I feel that I have an opportunity to offer a valuable experience and have two types of groups to offer workshops to in mind.
Love the “creative goddess”
What do I love most about AWA? EVERY SINGLE ONE of the principles and practices of the Method. But that’s probably too abstract, so I’m going to focus on just two linked items from Mary’s list: it’s the principle that “Writing as an art form can be learned without damage to a writer’s original voice or artistic self-esteem,” and the practice “Craft is an integral part of the AWA workshop. Our responses are about the craft being used in the writing.” These two items from those lists maybe get the least fanfare, but over time I have seen them pay huge writerly dividends over and over. A writer can come into an AWA workshop with no history of being in writing workshops, no formal knowledge at all–just bringing your own original voice. Maybe “your kitchen table voice” as Pat loved to call it — ie, the voice you learned as a child at your family’s kitchen table. And through participating in the workshops – listening carefully to the other writers words, and then to the feedback that they get and the feedback you get, there’s an informal but powerful submersion in the many, many elements of craft. The strengths that your writing and your voice already have are celebrated, you begin to believe in the value of your own words and the way you write them. And then you begin to make more conscious choices about the craft elements available to you. Your writing skills expand outward gently, not because of the explosion of criticism, but because of the gentle nurturing.
What I love about AWA
I love that by embracing the affirmations and the practices, it grounds a writing group, and allows us to more fully embrace our own writing and the writings of others. I love that they are essential and not loosely held suggestions. I love that they are upheld with the utmost kindness. I love how it transforms a group and an hour into something of beauty. I love the enthusiasm of the people and facilitators I’ve written with!

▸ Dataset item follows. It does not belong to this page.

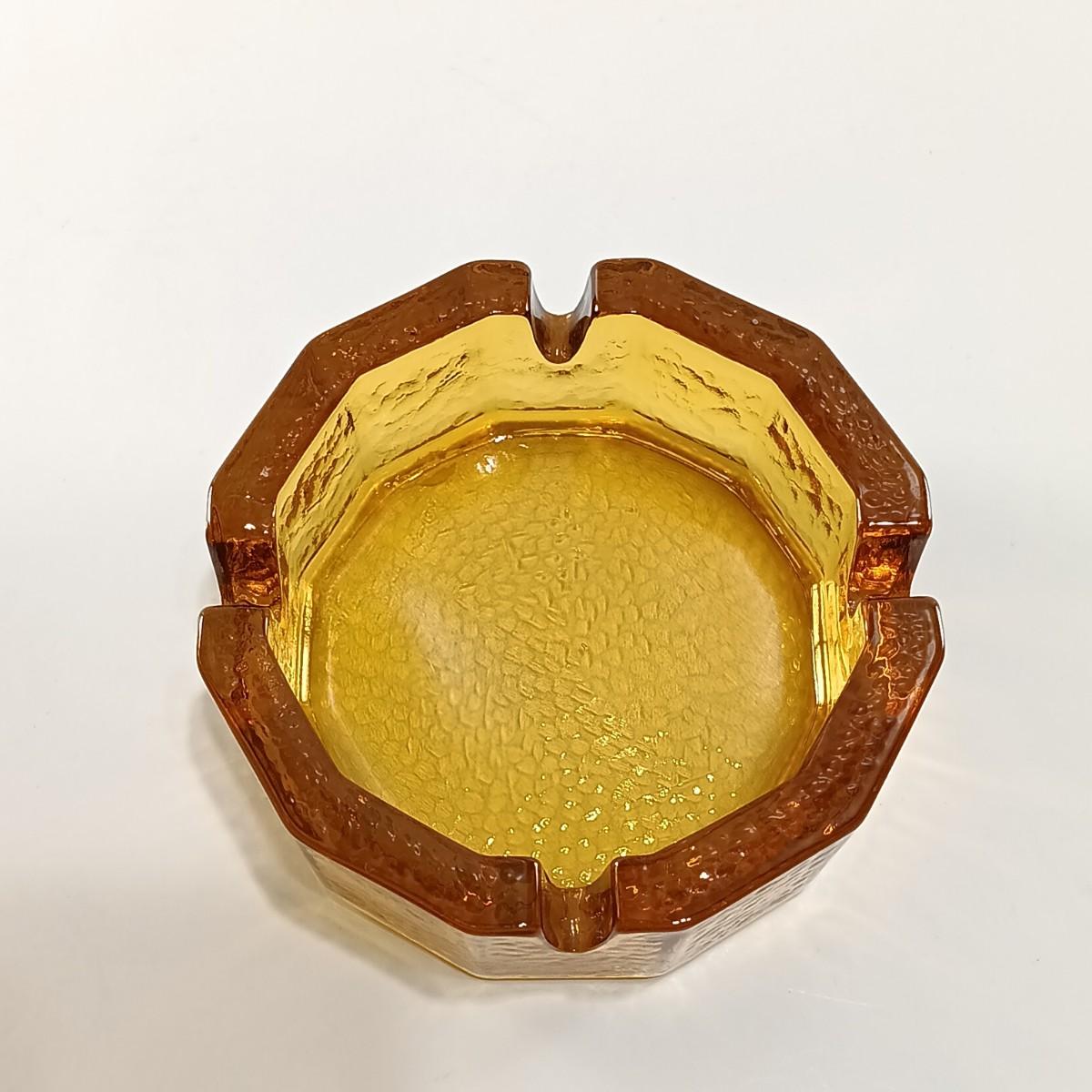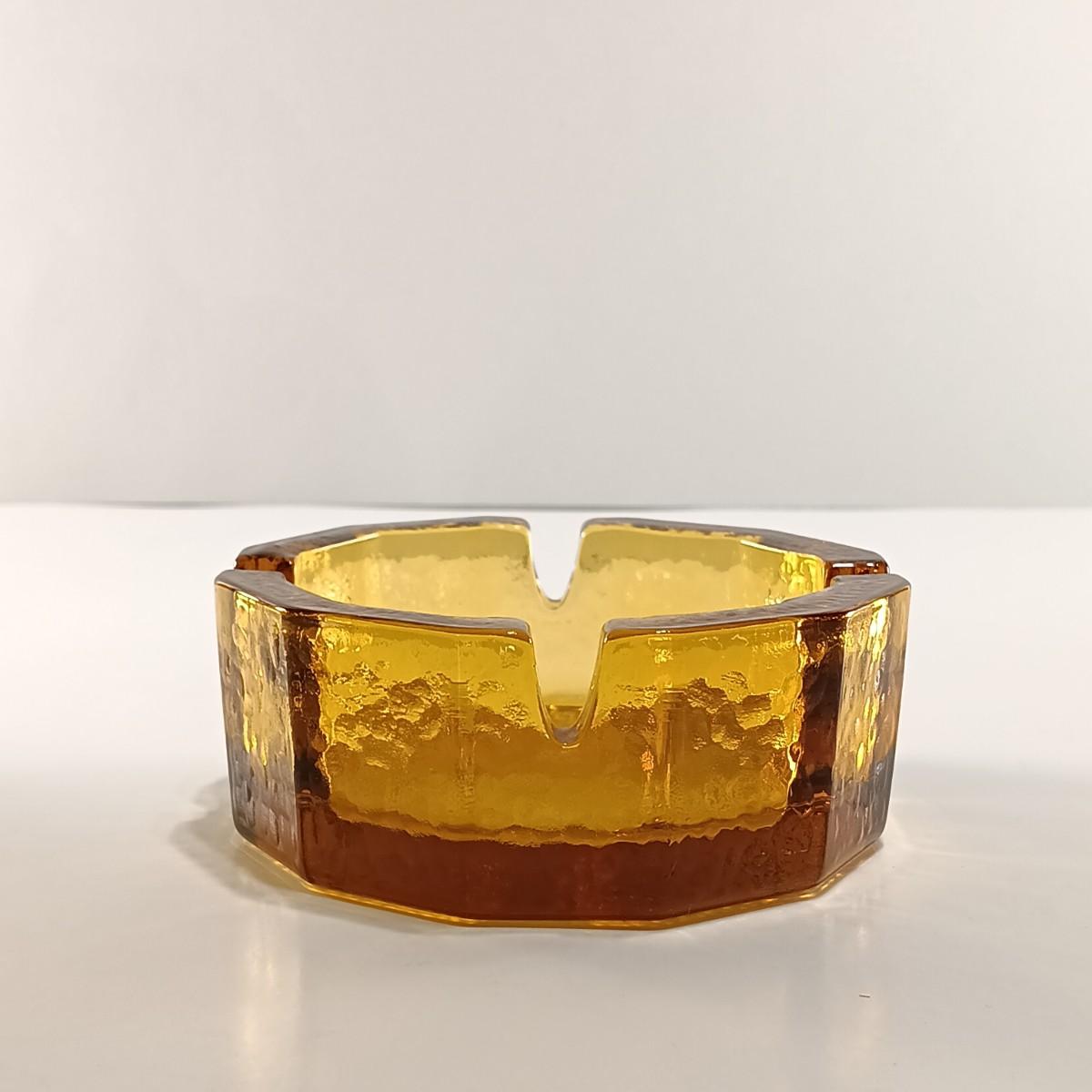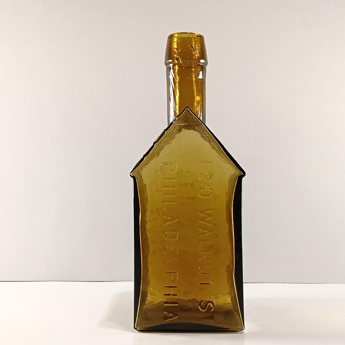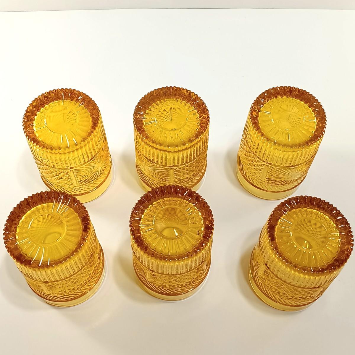LOT 17: Set of 6 Smith Amber Glass Tumblers with an E.G. Booz's Old Cabin Whiskey Bottle and Ashtray

Writing is an art form that belongs to all people…
What came to mind is the resistance I hear so often to this idea. In my write, this idea emerged…
And today, I’ll hear people tell me that they are not writers, they have nothing to say, and they. for all intents and purposes, disappear themselves, as if they are trying to beat to the chase someone else who is ready to erase them.
as if they are trying to beat to the chase someone else who is ready to erase them.
Oh, Diane, I love that!!
I am so moved by the last paragraph. The silence and invisibility that comes with denying our writerly self. “… as if they are trying to beat to the chase some else who is ready to erase them” will stay with me. Thank you, Diane.
What I love about AWA and what stays with me is the newest addition to the AWA principles, “how we listen.” What resonates with me is “Deep Listening” … To go deep into another’s writing, leaving our bias and preconceived notions and our own stories behind, and entering into the universe of the narrator … to let the speaker’s voice touch us — to listen with more than our ears … to go deeper than mere hearing … perhaps in a world than needs to strive to listen to understand this is an essential practice … to listen …to be moved/to have a new perspective dawn on us or a new universe open to us/to boldly go where we have never gone before/or to enter into familiar territory but in another’s voice/ to practice listening with an open heart, an open mind/ to listen for craft elements/to listen for what resonates and stays with us/ we can immerse in words/writing/what a speaker is telling us and in what ways … We learn by listening …
What I love about AWA is the guideline that we treat all writing as story and art and we respond to the writing, never assuming that the writing comes from the life of the writer. This creates a kind of psychological cushion that allows brave writing, tender topics, risk taking and vulnerability, especially for memoir and other personal writing.
In school, we are taught to debate, to calculate. We are told to listen for facts, not for beauty. In a circle of writers held by the AWA Method, we are asked to do something radical. We are asked to write the truth, and truth has nothing to do with facts. Truth is what trees feel like when we breathe them into our lungs. Truth is tiny heartbreak after tiny heartbreak. And big joy. Truth is a poem. In an AWA workshop, we are asked to listen with our whole body. Can you taste the words the other writer is reading? In an AWA workshop, we are asked – finally – to set our stories free.
Truth is a tree! I love the many ways truth shows up in our writing. And I love the idea that the workshop sets the stories free.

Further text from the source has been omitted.